OData is grease to cut data friction

Back in 2007 I talked with Pablo Castro about Astoria, which I described as a way of making data readable and writeable by means of a RESTful interface. The technology has continued to move forward, and I’m now a heavy user of one of its implementations: the Azure table store. Yesterday at PDC we announced the proposed standardization of this approach as OData, which InfoQ nicely summarizes here.

I’ll leave detailed analysis of the proposal, and the inevitable comparisons to Google’s GData, to others who are better qualified. Nowadays I’m mainly a developer building a web service, and from that perspective it’s very clear that wide adoption of something like “ODBC for the cloud” is needed. We have no shortage of APIs, all of which yield XML and/or JSON data, but you have to overcome friction to compose with these APIs.

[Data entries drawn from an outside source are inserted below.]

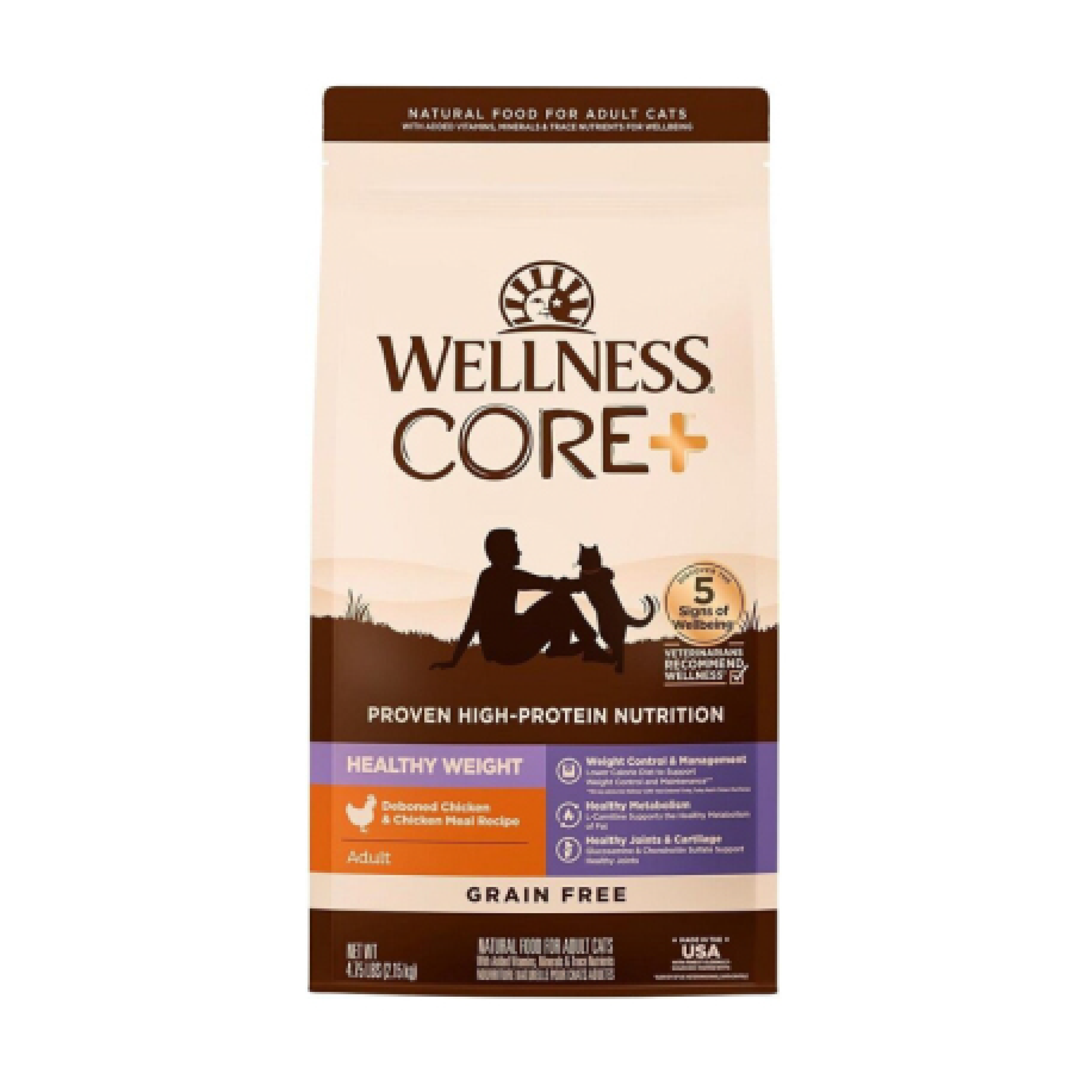 Wellness CORE+ 體重管理配方專為貓咪設計,提供經科學證實的高蛋白天然營養,以高品質成分支持貓咪的全身健康。這款配方不僅滿足五大健康指標,還特別針對體重控制需求,加入左旋肉鹼,幫助健康的脂肪代謝與體重管理。 這款貓糧採用去骨雞肉與火雞粉為主要蛋白質來源,配合無穀物的營養豐富配方,特別適合對穀物敏感的貓咪。不含肉類副產品、小麥、玉米及人工防腐劑與色素,為你的愛貓提供每一餐安心與健康的保障。
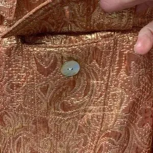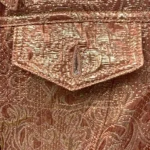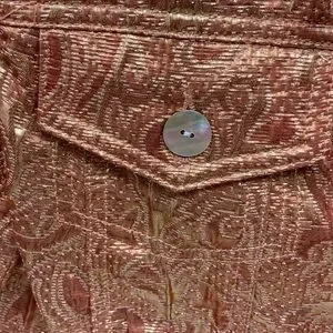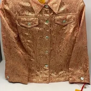 Shimmering metallic gold jacket. Features paisley pattern. Button-up front with pockets.
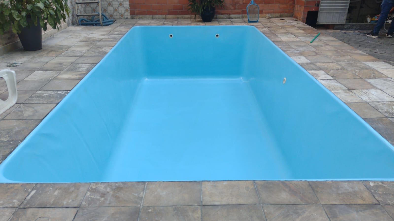 Você sabia que, periodicamente, é preciso pintar piscina de fibra? Em média, a cada 5 anos, porque a ação do cloro e do Sol descolore o tanque, deixando-o desbotado ou amarelado.
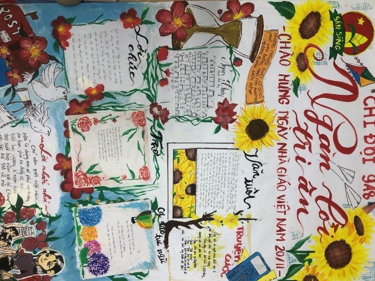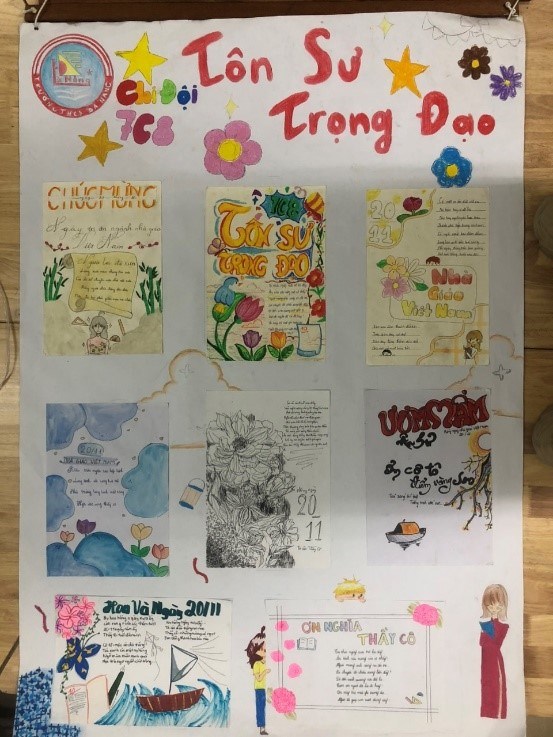 ☘☘☘ Thực hiện Kế hoạch Công tác Đội và phong trào thiếu nhi năm học 2023 – 2024, Liên đội trường THCS Đà Nẵng tổ chức chào mừng kỉ niệm 41 năm ngày Nhà giáo Việt Nam . Cùng với các hoạt động thi đua dạy tốt - học tốt, kiểm tra và đánh giá công trình măng non, Liên đội còn phát động cuộc thi làm báo tường, báo ảnh, video clip nhằm tri ân đến các thầy cô giáo. Cuộc thi đã nhận được sự hưởng ứng nhiệt tình từ phía các em học sinh.
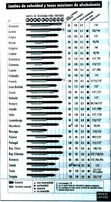 Carretera principal : 110 km/h, en caso de lluvia 100 km/h
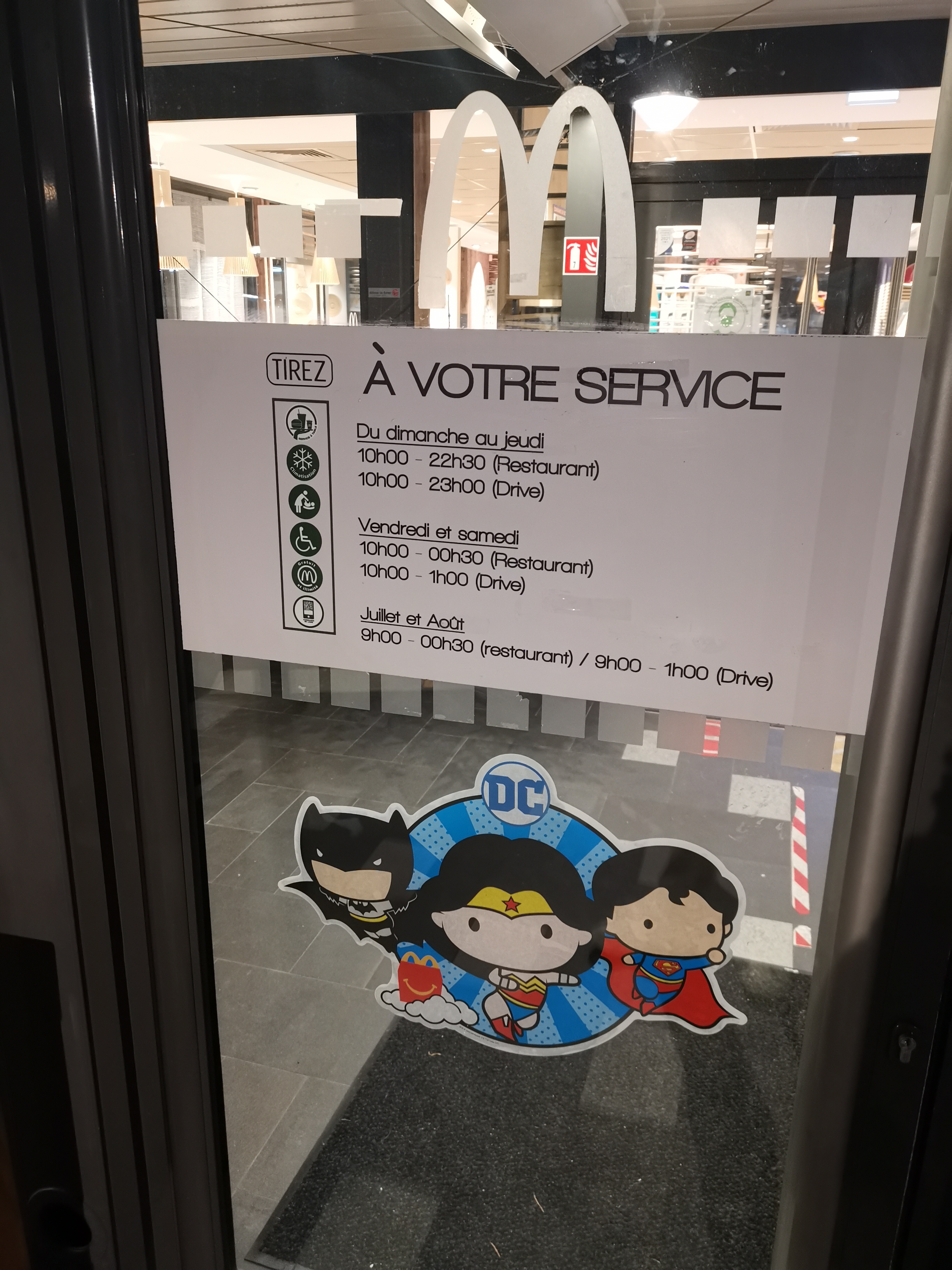 Un McDo ouvert normalement jusqu'à 23h, mais en fait fermé a 22h58. Sinon l'équipier finit trop tard apparemment!!! Je suis très déçu de ce discours. 23h c'est 23h pas 22h58... Passez votre chemin à côté d'autres font mieux
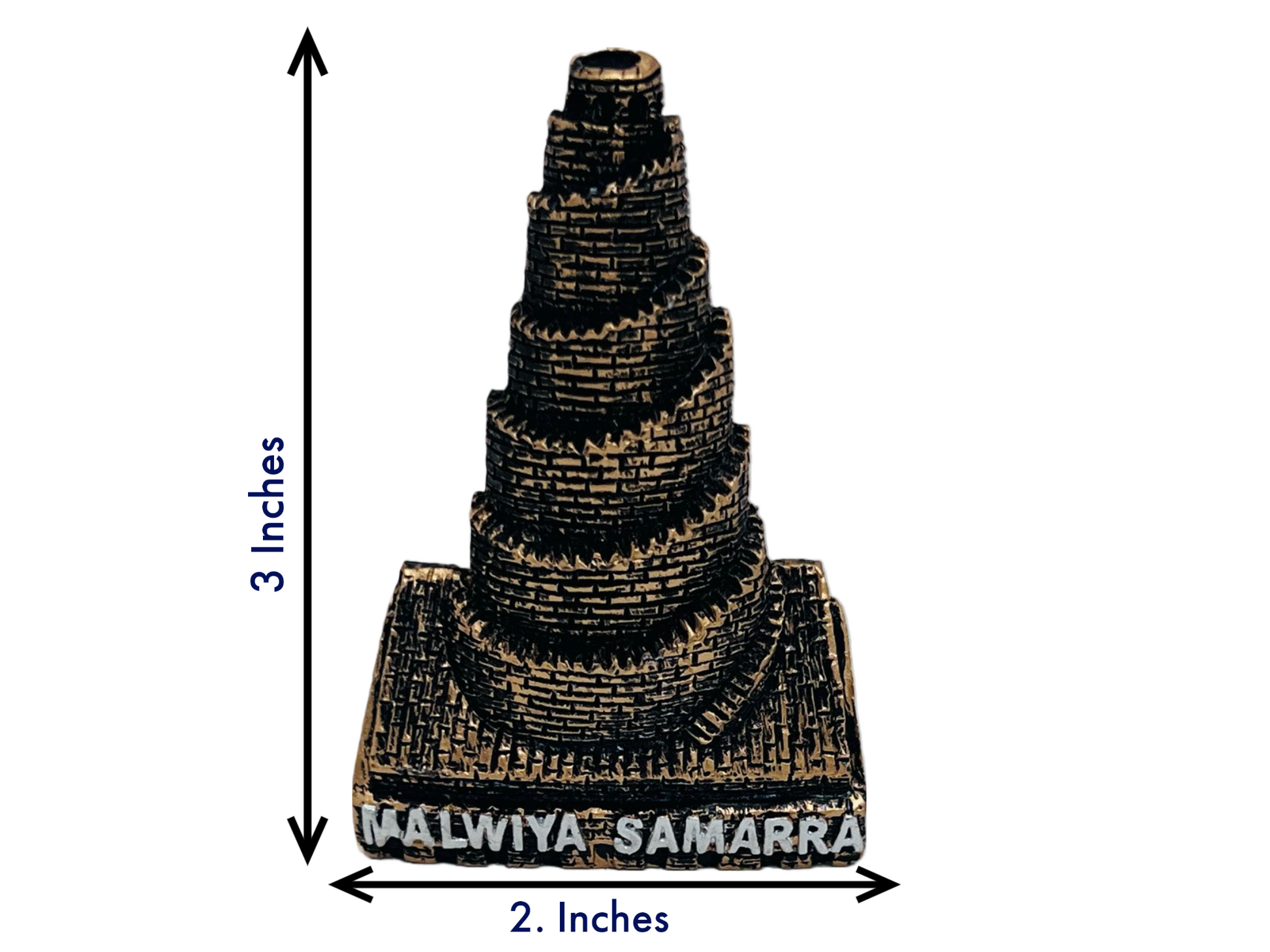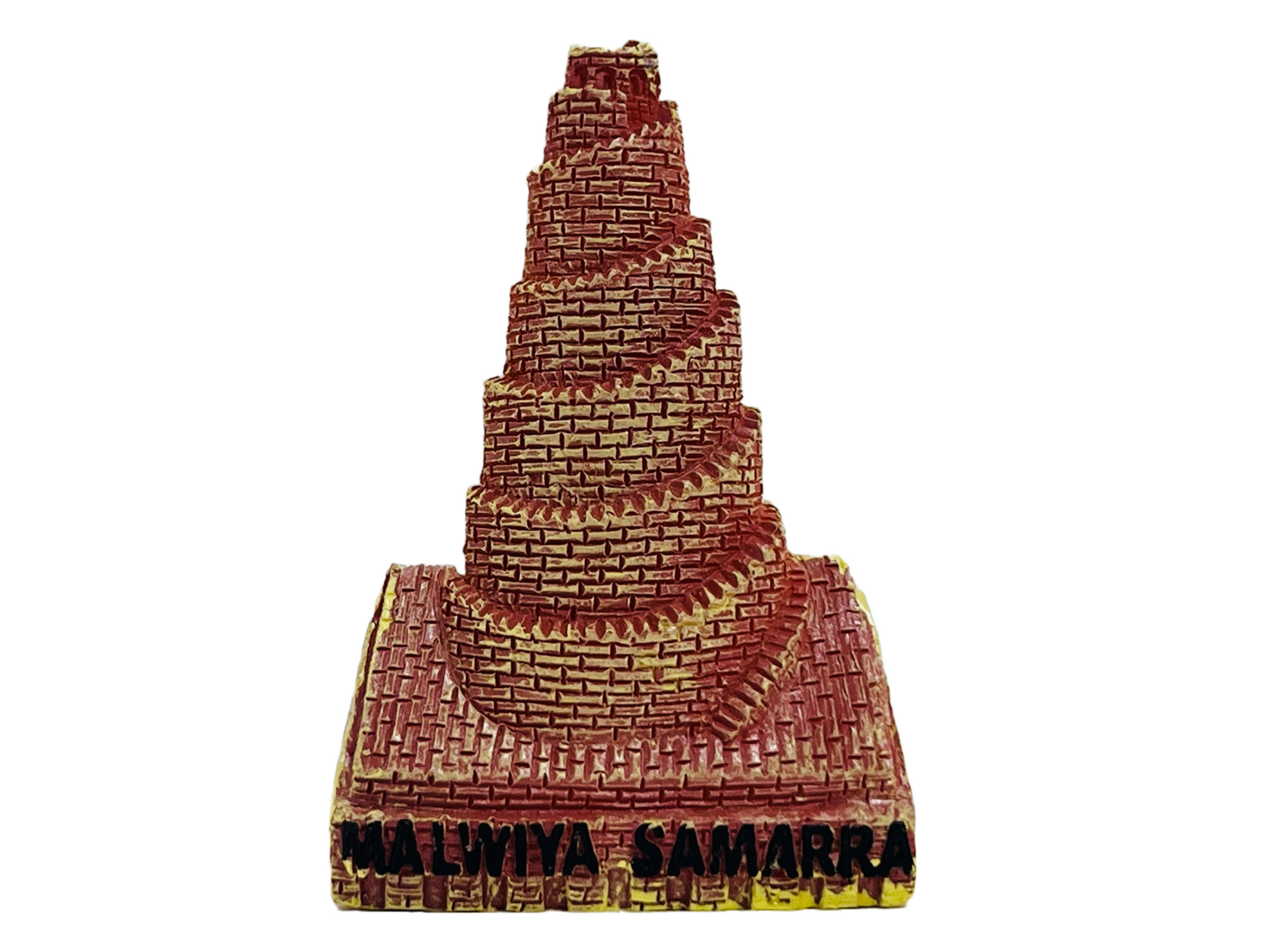 The mosque was the largest in the world; its minaret, the Malwiya Tower, is a spiraling cone 52 meres (171 ft) high and 33 meres (108 ft) wide with a spiral ramp. The Malwiya is located in Samarra north of Baghdad.
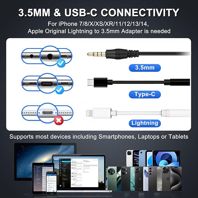 - 3.5MM JACK/TYPE-C CONNECTION - This 3.5mm wired headset includes a USB Type C to 3.5mm Headset Jack Adapter. Compatible with PC, Tablet, Mac, Laptop, iPhone Android Cell Phone, providing seamless connectivity with any device with 3.5mm or USB-C Port. COMPATIBILITY REMINDER: For iPhone 7/8/X/XS/XR/11/12/13/14, it is essential to use the 3.5mm to Lightning adapter from Apple's Official Flagship Store; otherwise, there may be incompatibility issues with some software.

For example, the elmcity service merges event information from sets of iCalendar feeds and also from three different sources — Eventful, Upcoming, and (recently added) Eventbrite. In each of those three cases, I’ve had to create slightly different versions of the same algorithm:

  • Query for future events
  • Retrieve the count of matching events
  • Page through the matching events
  • Map events into a common data model

Each service uses a slightly different syntax to query for future events. And each reports the count of matching events differently: page_count vs. total_results vs. resultcount. OData would normalize the queries. And because the spec says:

The count value included in the result MUST be enclosed in an <m:count>

it would also normalize the counting of results.

Open data on the web has enormous potential value, but if we have to overcome too much data friction in order to combine it and make sense of it, we will often fail to realize that value. ODBC in its era was a terrific lubricant. I’m hoping that OData, widely implemented in software, services, and mashup environments like the just-announced Dallas, will be another.